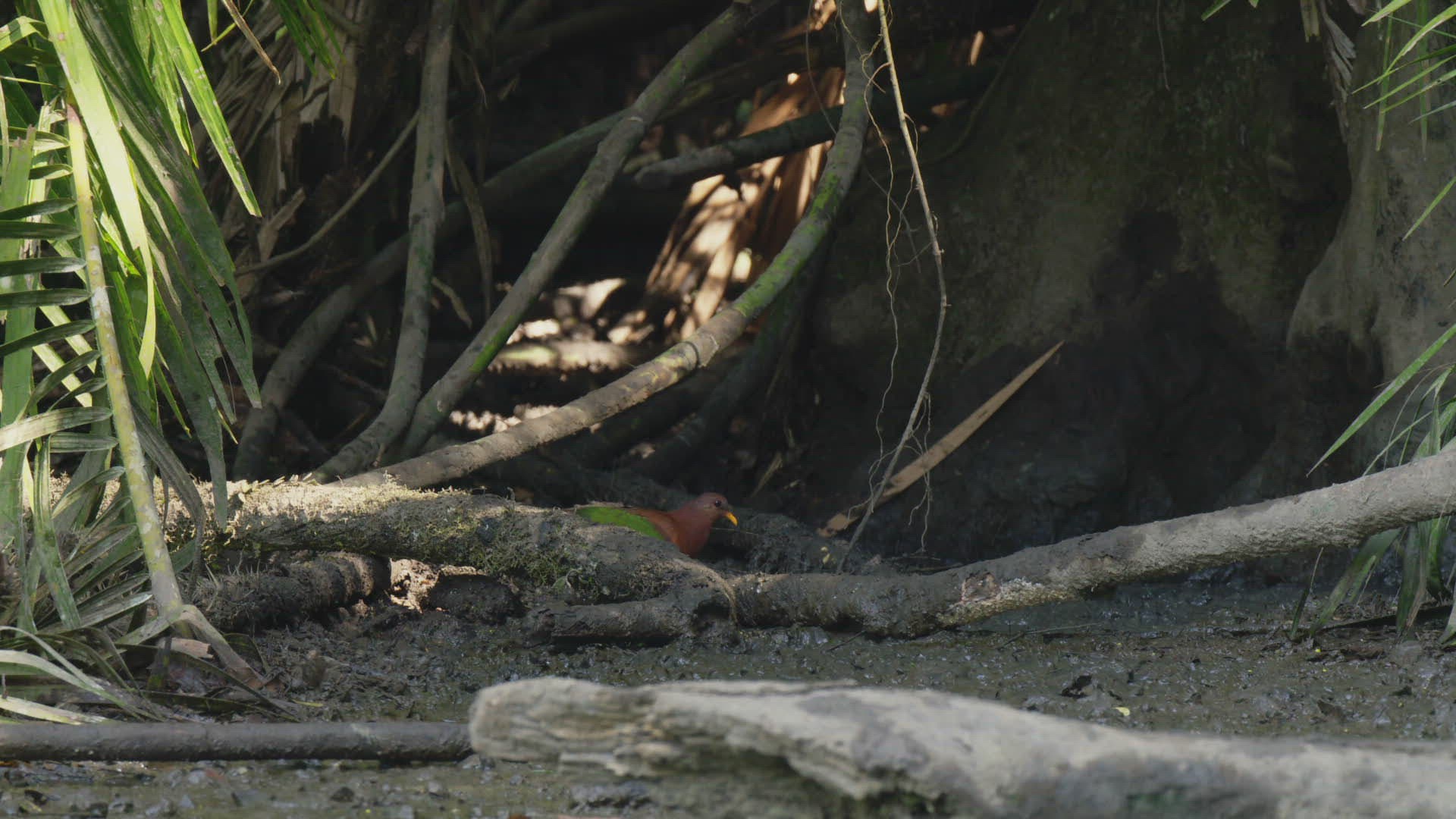 WS TS Asian Emerald Dove (Chalcophaps indica) walking on dirt / Sulawesi; Indonesia
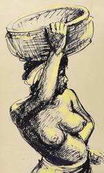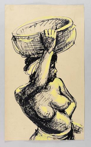1950-1960. Zeichnung / Pinselzeichnung, in schwarzer Tusche, gelb koloriert, auf hellbraunem Karton. – Originale Künstlergrafik, von Christa Diez. – Unikat. – 50,0 x 29,5 cm (Darstellung / Blatt).
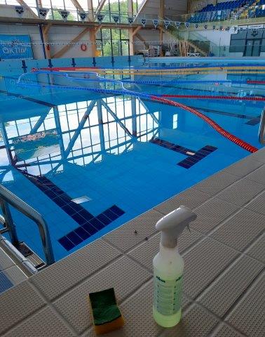 Как уже сообщал наш портал, с 4 по 17 июля в Кохтла-Ярвеском спортивно-оздоровительном центре Wiru идут работы по обслуживанию всех помещений здания. Основные силы на прошлой неделе были отданы уборке главного и детского бассейнов. Сегодня оба бассейна вычищены и заполнены водой. Вернулись в здание теплая вода и центральное отопление, которое было отключено в связи с проводимыми в Ярвеской части города предприятием «ВКГ Сооюс» ремонтных работ тепловых трасс.
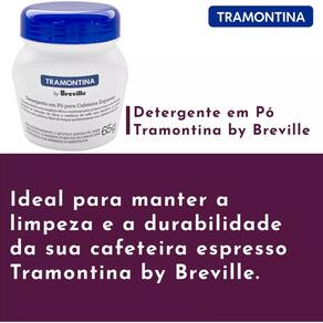 Detalhes do produto O Detergente em Pó para Cafeteira Express 65 g, é ideal para manter a limpeza e a durabilidade da sua cafeteira espresso Tramontina by Breville. Ele foi desenvolvido com oxigênio ativo e enzimas para proporcionar uma limpeza eficiente na remoção de óleos e resíduos de café, sem danificar as peças. É a forma mais prática e fácil de limpar perfeitamente sua cafeteira. Informações técnicas Foi desenvolvido com oxigênio ativo e enzimas para proporcionar uma limpeza eficiente na remoção de óleos e resíduos de café, sem danificar as peças. É a forma mais prática e fácil de limpar perfeitamente sua cafeteira expresso. Compatível com as cafeteiras expresso Tramontina by Breville. Material: detergente em pó. Contém 65g.
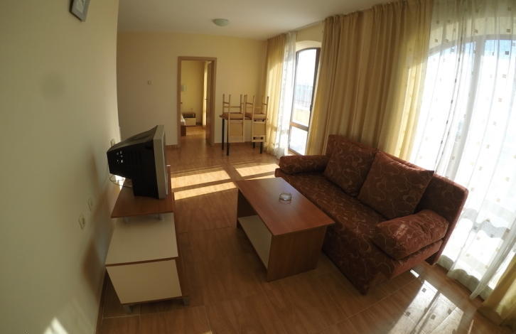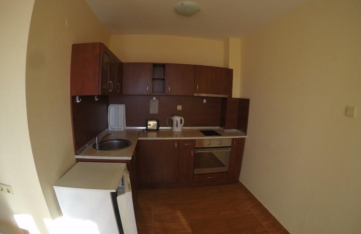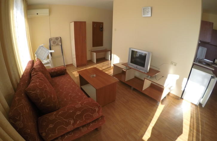 Квартира расположена на 6-ом этаже и представляет собой: коридор, гостиную с кухней, спальню, санузел и большой балкон с видом на курорт. Продается полностью меблированная и оборудованная, готова для проживания. Очень хорошее расположение комплекса, всего в метрах от большого супермаркета „Младост“, который работает круглый год. Комплекс располагает следующими удобствами и услугами: бассейн, ресепшен, магазинчики, уборка территории, охрана, парковка.
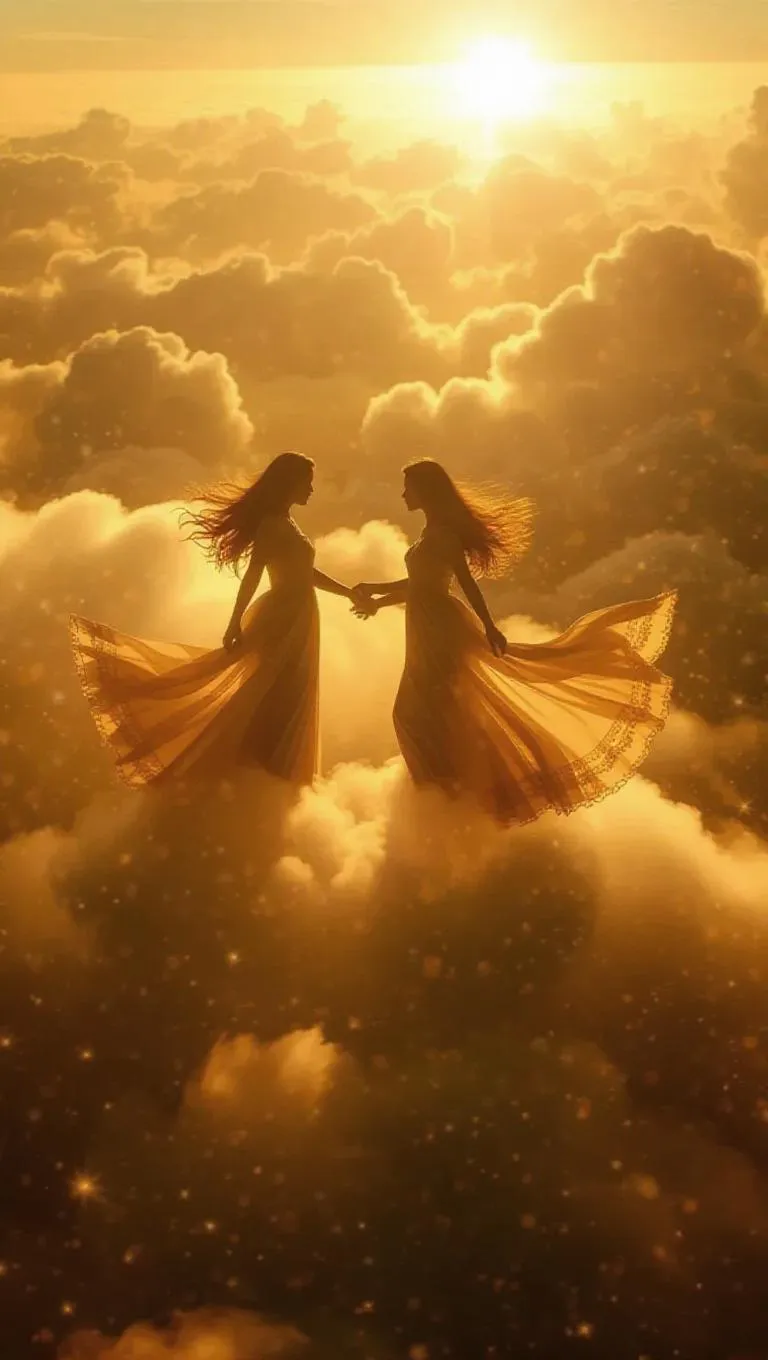Two ethereal celestial beings waltz across a lush sea of golden clouds, their garments woven from the threads of dawn and dusk. Each graceful leap sends shimmering ripples through the air, awakening dormant fireflies that spiral in glowing patterns, while the wind hums an ancient, mystical melody.
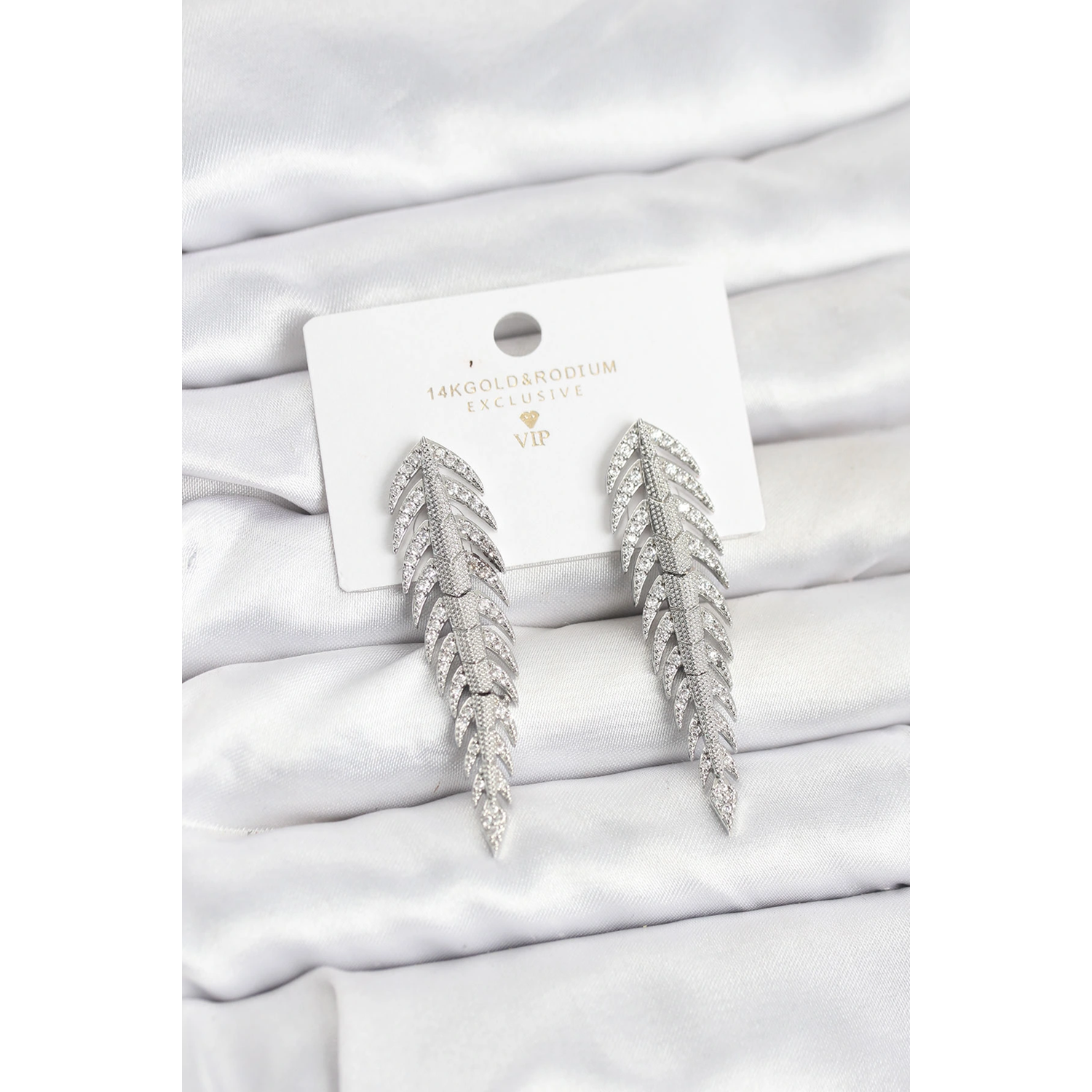 Pirinç Gümüş Renk Balık Sırtı Model Zirkon Taşlı Kadın Küpe
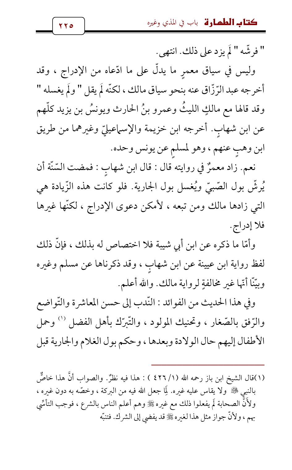 نعم. زاد معمرٌ في روايته قال: قال ابن شهابٍ: فمضت السّنّة أن يُرشّ بول الصّبيّ ويُغسل بول الجارية. فلو كانت هذه الزّيادة هي التي زادها مالك ومن تبعه , لأمكن دعوى الإدراج , لكنّها غيرها فلا إدراج.
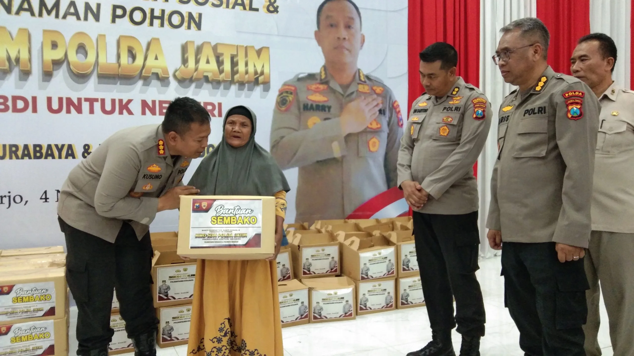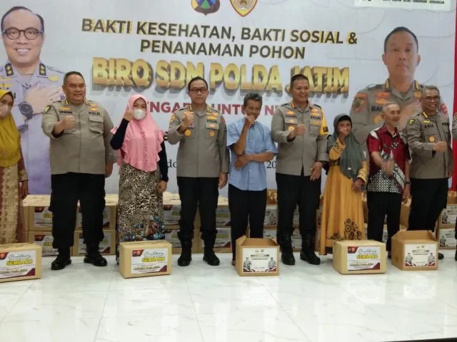 Bakti sosial dan bakti kesehatan tersebut dihadiri Karo SDM Polda Jatim Kombes Pol. Harry Kurniawan, Kapolresta Sidoarjo, PJU Polda Jatim dan Polresta Sidoarjo.

======

### Exercise aim
Locate the line containing "Pirinç Gümüş Renk" in the material above, then repeat it and every later line exactly, with no pictures.

### Answer section
 Pirinç Gümüş Renk Balık Sırtı Model Zirkon Taşlı Kadın Küpe
 نعم. زاد معمرٌ في روايته قال: قال ابن شهابٍ: فمضت السّنّة أن يُرشّ بول الصّبيّ ويُغسل بول الجارية. فلو كانت هذه الزّيادة هي التي زادها مالك ومن تبعه , لأمكن دعوى الإدراج , لكنّها غيرها فلا إدراج.
 Bakti sosial dan bakti kesehatan tersebut dihadiri Karo SDM Polda Jatim Kombes Pol. Harry Kurniawan, Kapolresta Sidoarjo, PJU Polda Jatim dan Polresta Sidoarjo.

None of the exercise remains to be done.